The following describes in detail a modulation method detection method provided by an embodiment of the present invention through two specific embodiments.

Embodiment 1: In this embodiment, it is assumed that in the LTE-A system, the system bandwidth is 10 MHz, and the serving cell is a layer 1 closed-loop transmission of Transmission Mode 4 (TM4). The occupied physical resource block (Physical Resource Block) BLock (PRB) is PRB0-PRB4; the interfering cell is also a layer 1 closed-loop transmission of TM4, and the occupied PRB is PRB0-PRB4. The receiver accurately completes the channel estimation of the serving cell and the interfering cell, and accurately completes the blind detection of parameters such as the existence of interference, transmission mode, codebook, and number of layers of interference on each PRB, and outputs it to the detection module. . In this embodiment, the detection module is a QRD-M detector as an example. The QRD-M detector performs the following process: firstly performs a tree search of the serving cell 1 layer, and then based on the assumption of different modulation modes of the interfering cell { QPSK, 16QAM, 64QAM} to perform a tree-level search of the interfering cell and output the cumulative branch metric vector BM _{l , m} and the reserved branch X _{left , l , m} corresponding to each modulation scheme assumption on each RE; After completing the tree search under each modulation scheme hypothesis of all REs on 5 PRBs, sum the smallest cumulative branch metric values corresponding to all REs under each modulation scheme hypothesis to calculate the metric corresponding to each modulation scheme Value metric _m to find the smallest metric value To determine the corresponding modulation method; finally, based on the determined modulation method, with Calculate the soft bits and output.
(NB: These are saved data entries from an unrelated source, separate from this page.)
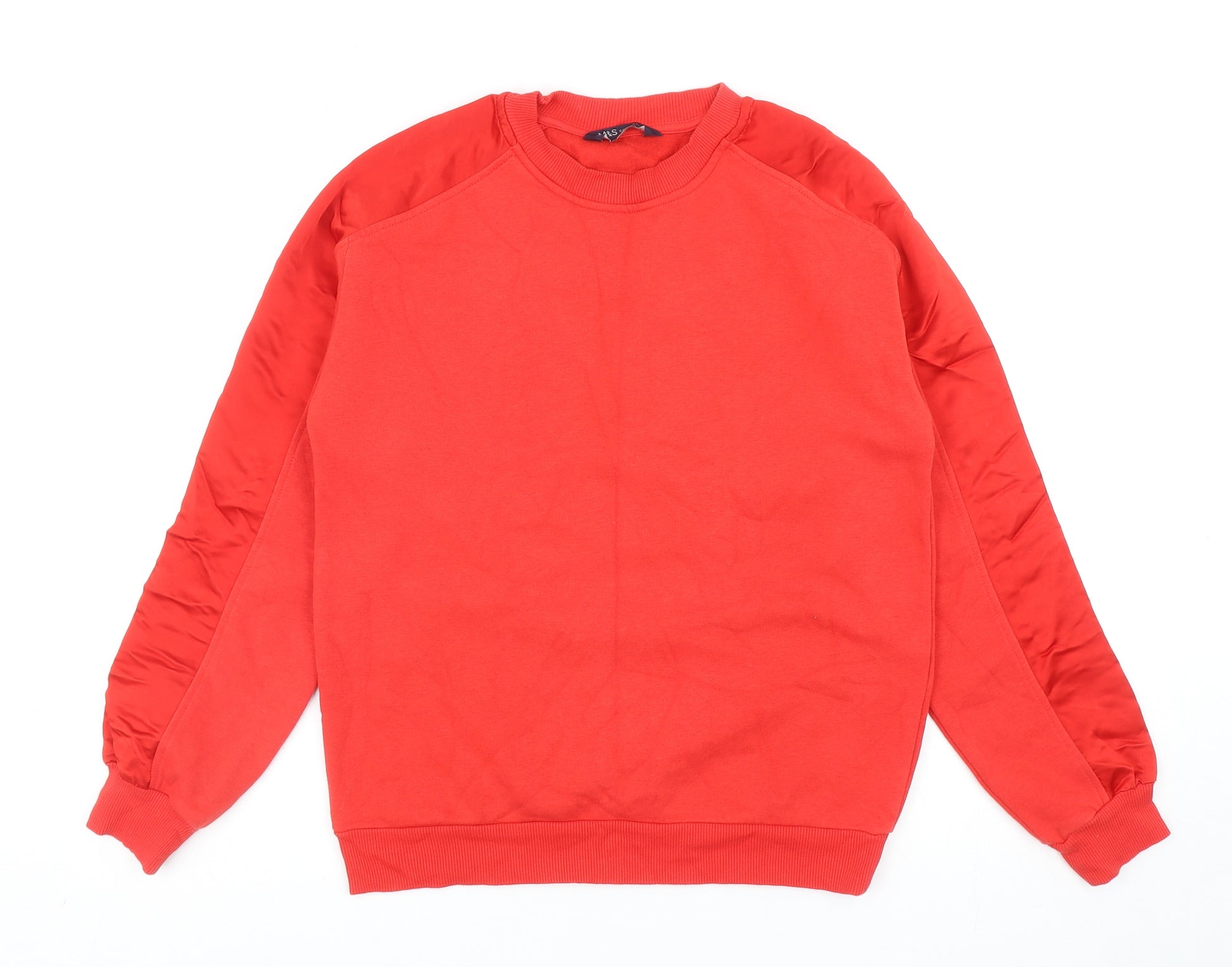 Womens Red Cotton Pullover Sweatshirt Size 8 Pullover - Satin Sleeve Detail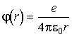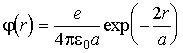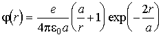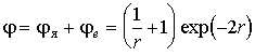 Возвращаясь к размерным величинам, запишем для основного состояния атома водорода распределение в пространстве потенциала электрического поля: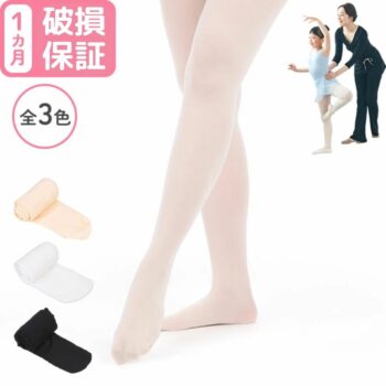 伸縮性抜群で動きやすく、肌触りやわらかでふんわり優しいはき心地のバレエタイツです。摩擦に強く、毛玉になりにくい素材です。脚を大きく開いたり、上げたりするのでタイツの股部分に大きな負荷がかかりますが、マチ付きタイツのため破れにくく安心です。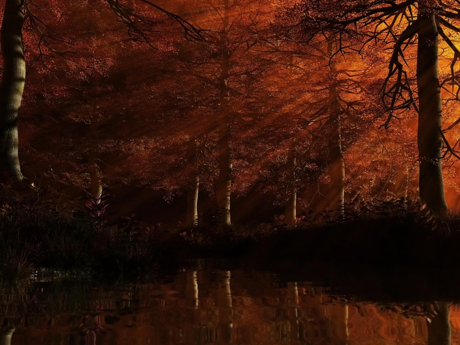 Wallpaper Red forest at sunset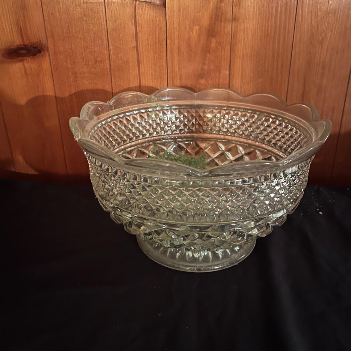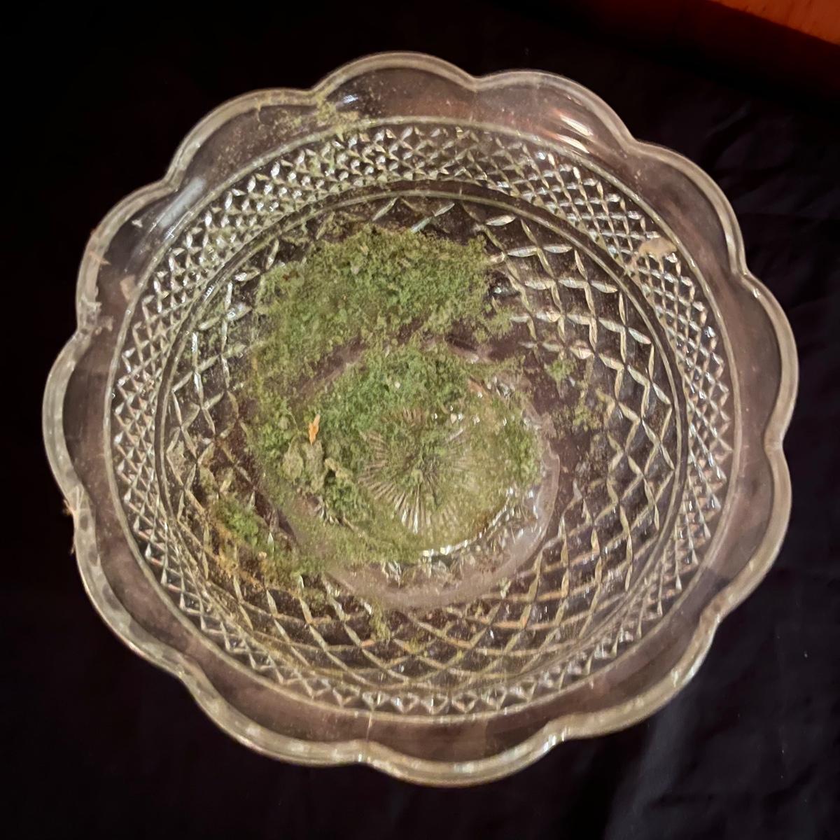 Largest bowl measures 10”D x 5.5” tall and has green floral foam stuck to inside, see pictures.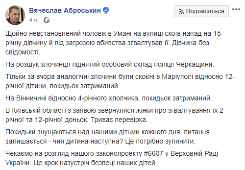 "Отбросы издеваются над нашими детьми каждый день, вопрос остается - чей ребенок следующий? Это нужно остановить. Ждем рассмотрение нашего законопроекта №6607 в Верховной Раде Украины. Это шаг навстречу безопасности наших детей", – отметил Аброськин.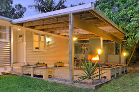 With the front deck and an impressive pavilion styled rear entertaining area both offering outdoor fireplaces for warm, cosy evenings all year round, but also feature lighting inset in the pathways.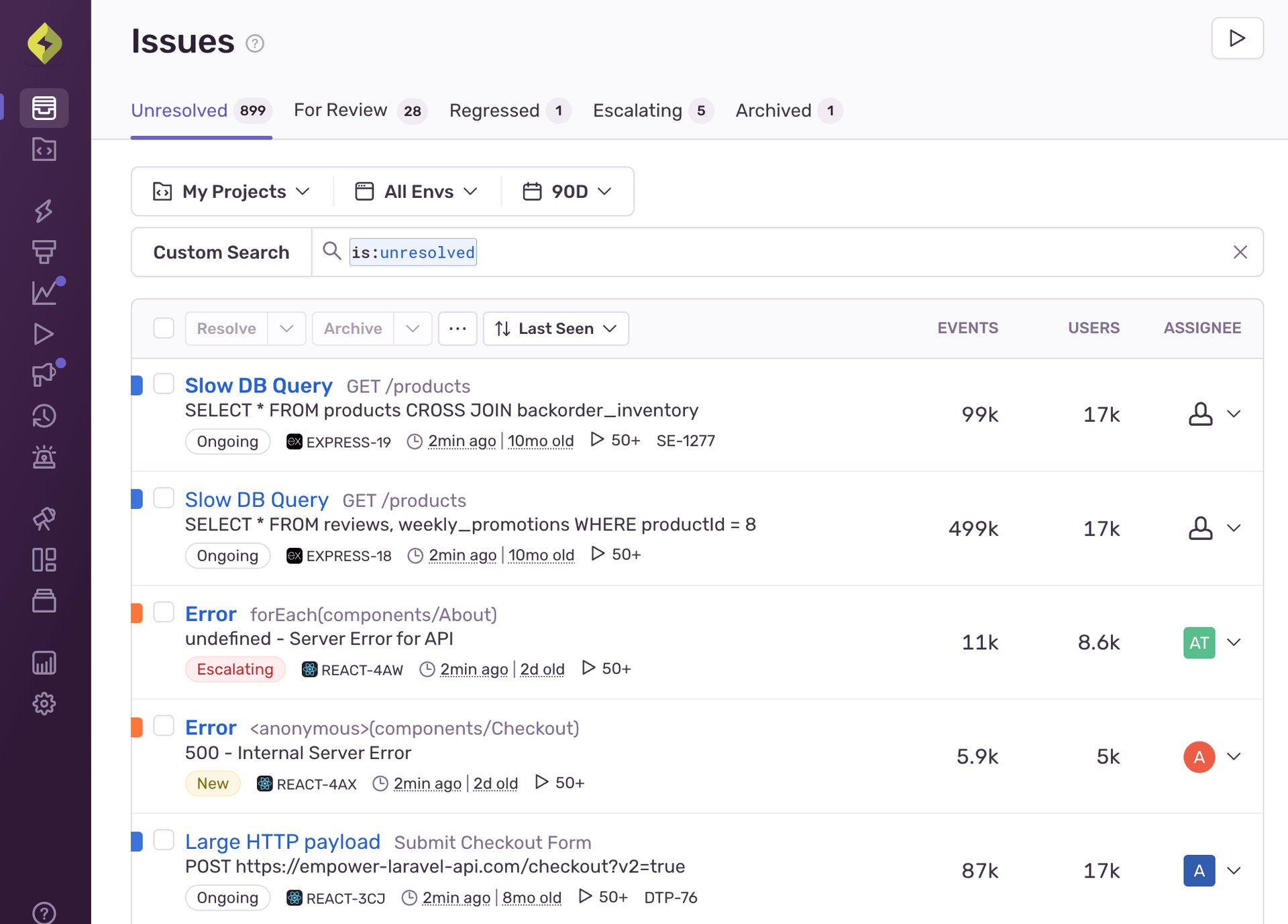 Get alerted whenever a deploy introduces an error and dive into triaging, assigning, reproducing, and fixing the problem with all the information you need to kick off your workflow with confidence.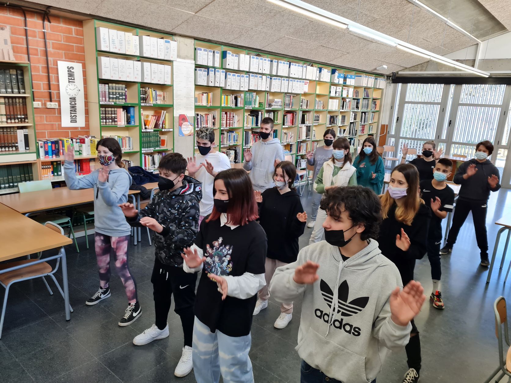 Aquest dijous 16 de desembre els grups de 2n ESO han participat en una activitat diferent, divertida i engrescadora organitzada des del departament de Llengües Estrangeres: una sessió de teatre musical en anglès. Conjuntament a les classes de música i anglès s’ha preparat amb anterioritat l’activitat de manera que els alumnes de 2n han passat una bona estona practicant l’anglès mentre cantaven i ballaven.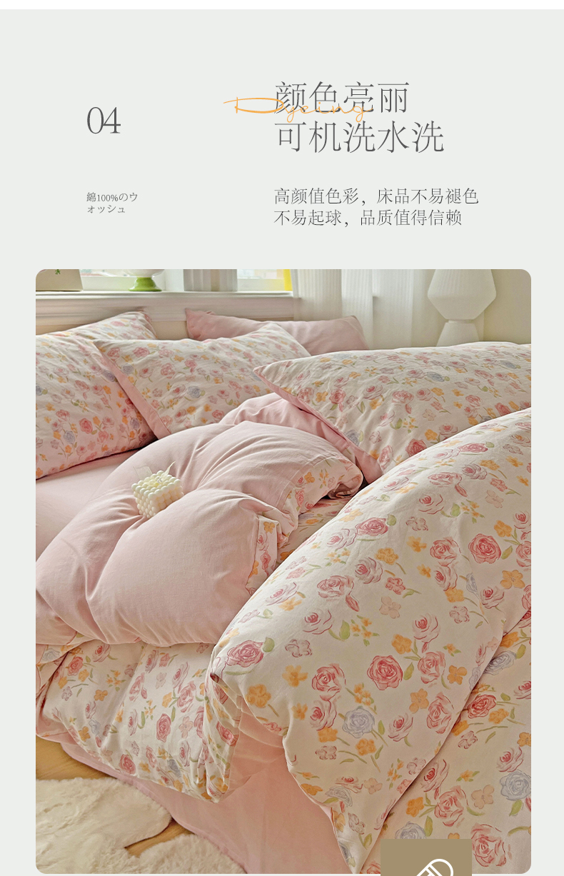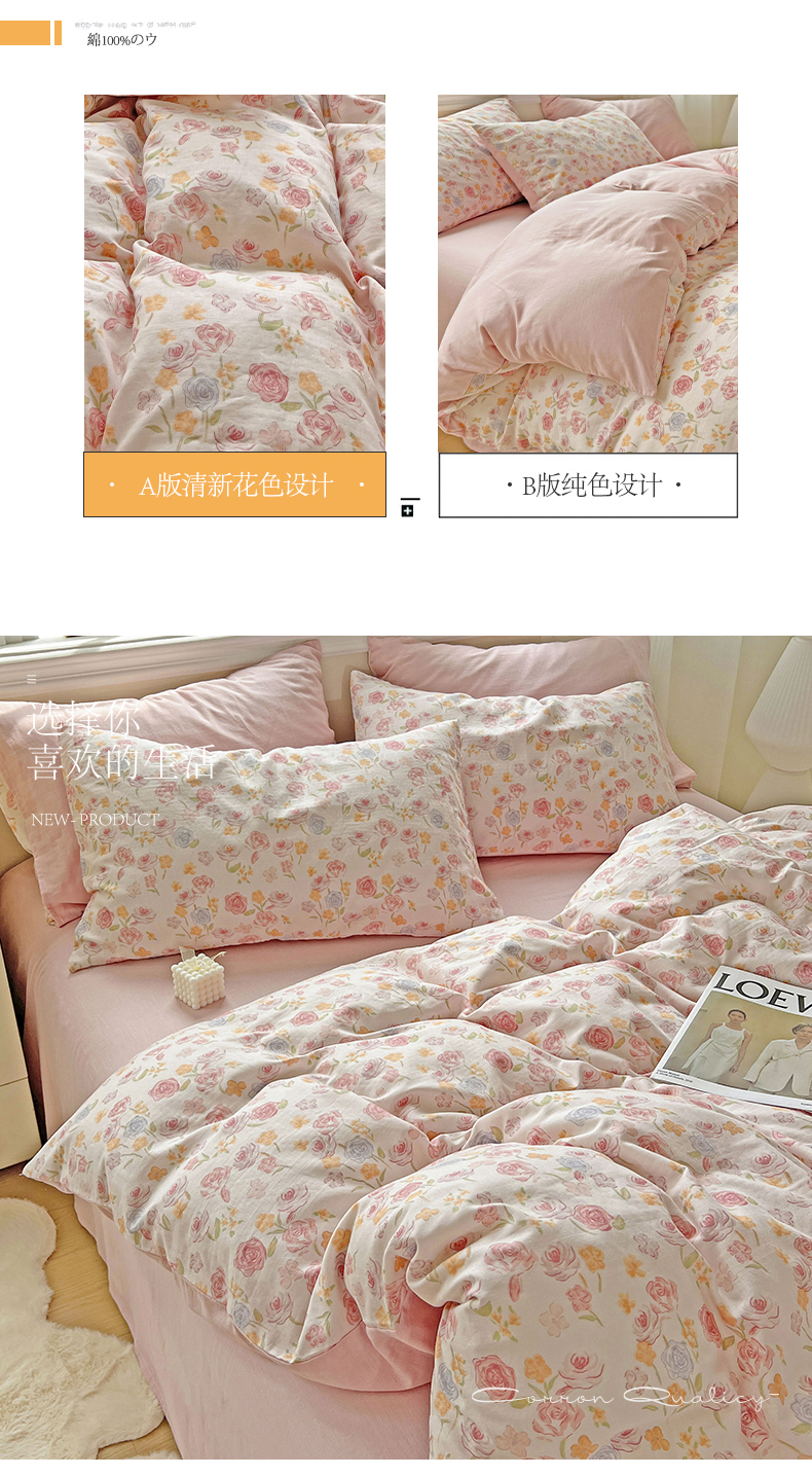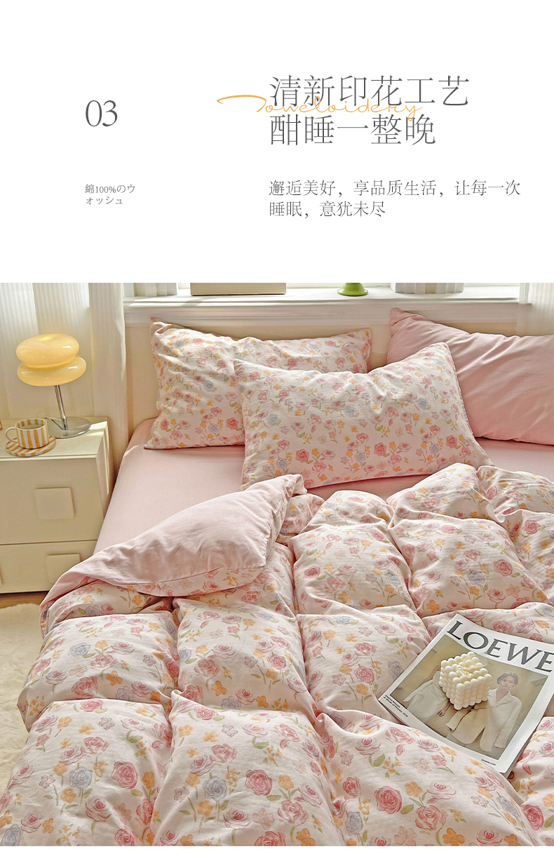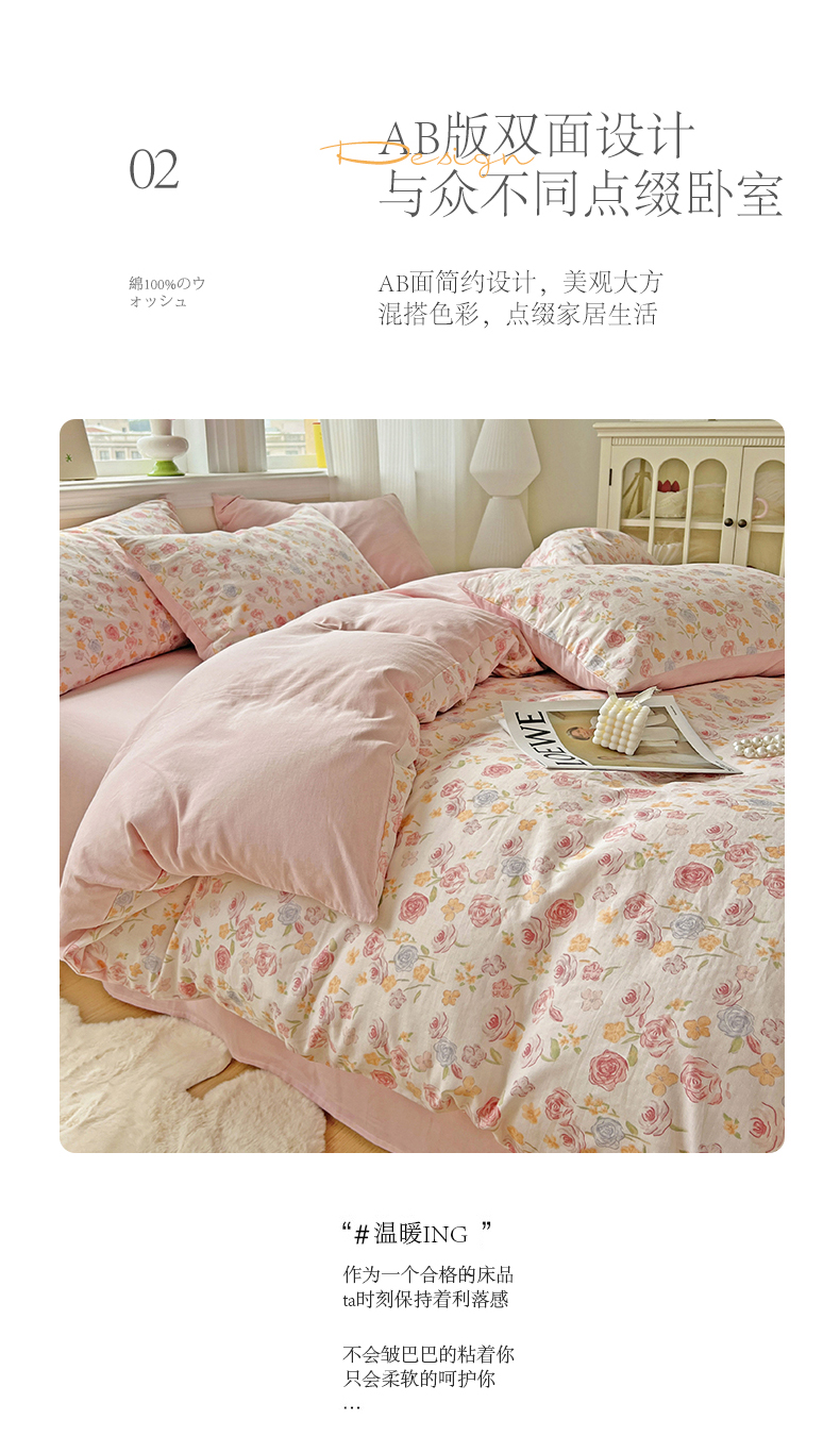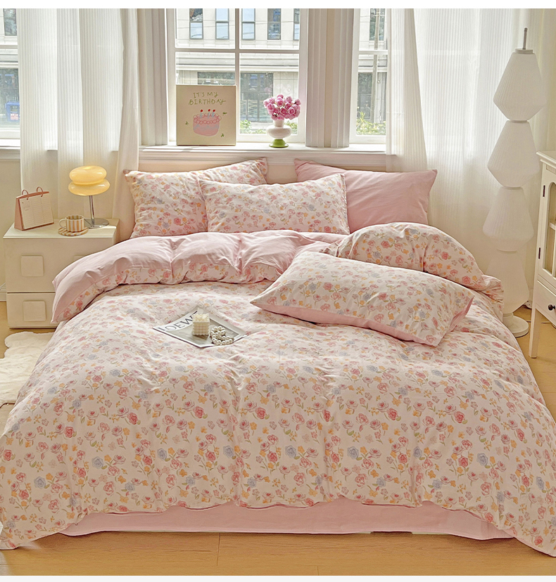 商品名称:小懒猪 2025新款全棉有氧有氧双层纱清新印花四件套 玫瑰花语

This embodiment is also applicable to a case where the transmission mode and / or the number of layers of the serving cell are different from the transmission mode and / or the number of layers of the interfering cell. The specific process is similar, and no further examples are given here.

Embodiment 2: In this embodiment, it is assumed that in the LTE-A system, the system bandwidth is 10 MHz, the serving cell is TM3 open-loop layer 2 spatial multiplexing transmission, and the occupied PRB is PRB0-PRB4; the interfering cell is also TM3 open-loop. Layer 2 spatial multiplexing transmission, the PRB occupied is PRB0-PRB4. The receiver accurately completes the channel estimation of the serving cell and the interfering cell, and accurately completes the blind detection of parameters such as the presence of interference, transmission mode, and number of layers of interference on each PRB, and outputs it to the detection module. In this embodiment, the detection module is a QRD-M detector as an example. The QRD-M detector performs the following process: first performs a tree search at the serving cell layer 2, and then uses two different modulation methods based on the interfering cell. Assume {QPSK, 64QAM}, perform a tree search at layer 2 of the interfering cell, and output the cumulative branch metric vectors BM _{l , m} and reserved branches X _{left , l , m} corresponding to each RE under the assumption of two modulation modes; After completing the tree search under the assumptions of the two modulation modes of all REs on the five PRBs, the minimum cumulative branch metric values corresponding to all REs under the two modulation modes are summed to calculate the metric corresponding to the two modulation modes. Value metric _m to find smaller metric values To determine the corresponding modulation method; finally, based on the determined modulation method, with Calculate the soft bits and output.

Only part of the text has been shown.